Created attachment 1824630 [details] KCM - Green interval indicates an operator going Degraded (red, yellow and blue intervals corresponds to master nodes getting upgraded)
Created attachment 1824632 [details] KA - Green interval indicates an operator going Degraded (red, yellow and blue intervals corresponds to master nodes getting upgraded)
Created attachment 1824633 [details] KS - Green interval indicates an operator going Degraded (red, yellow and blue intervals corresponds to master nodes getting upgraded)
This bug hasn't had any activity in the last 30 days. Maybe the problem got resolved, was a duplicate of something else, or became less pressing for some reason - or maybe it's still relevant but just hasn't been looked at yet. As such, we're marking this bug as "LifecycleStale" and decreasing the severity/priority. If you have further information on the current state of the bug, please update it, otherwise this bug can be closed in about 7 days. The information can be, for example, that the problem still occurs, that you still want the feature, that more information is needed, or that the bug is (for whatever reason) no longer relevant. Additionally, you can add LifecycleFrozen into Whiteboard if you think this bug should never be marked as stale. Please consult with bug assignee before you do that.

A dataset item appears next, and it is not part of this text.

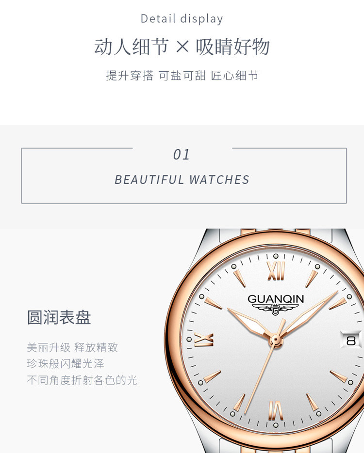 表盘直径: 28-35mm 表带材质: 钢带 功能: 计时,日期显示 表带颜色: 银色,玫瑰金 表盘颜色: 银色,玫瑰金 产地: 中国 防水深度: 30M(生活防水) 适用场景: 日常 表底: 透明 流行元素: 拼色 适用性别: 女士 风格: 优雅,清新 表盘形状: 圆形 表扣方式: 蝴蝶扣 表壳材质: 钢 表镜材质: 矿物质玻璃 执行标准: QB/T1249 商品卖点: 品牌女款销量 商品配件: 表盒*1 保修卡 *1 说明书 *1 擦表布*1 商品编码: GQJ20205MGW-玫金

Will need more time to implement the relevant changes for the static pods to get guarded by a PDB
Need more time to analyze why the CI tests in https://github.com/openshift/cluster-kube-apiserver-operator/pull/1275 are failing.
Verified bug in the build below and i see that KA, KS & KCM did not go to degraded state during master nodes upgrade. Below is the proceduer i have followed to verify the same. Procedure followed: ================== 1) Install 4.9 cluster 2) Pause worker node upgrade using the command oc patch --type=merge --patch='{"spec":{"paused":true}}' machineconfigpool/worker 3) upgrade master nodes by running the 'oc adm upgrade --to-image=<version>' command to 4.10.0-rc.0 4) I did not see any operators like KA, KCM & KS going to degraded state and the upgrade went fine. NAME VERSION AVAILABLE PROGRESSING SINCE STATUS version 4.10.0-rc.0 True False 117m Cluster version is 4.10.0-rc.0 Based on the above moving the bug to verified state.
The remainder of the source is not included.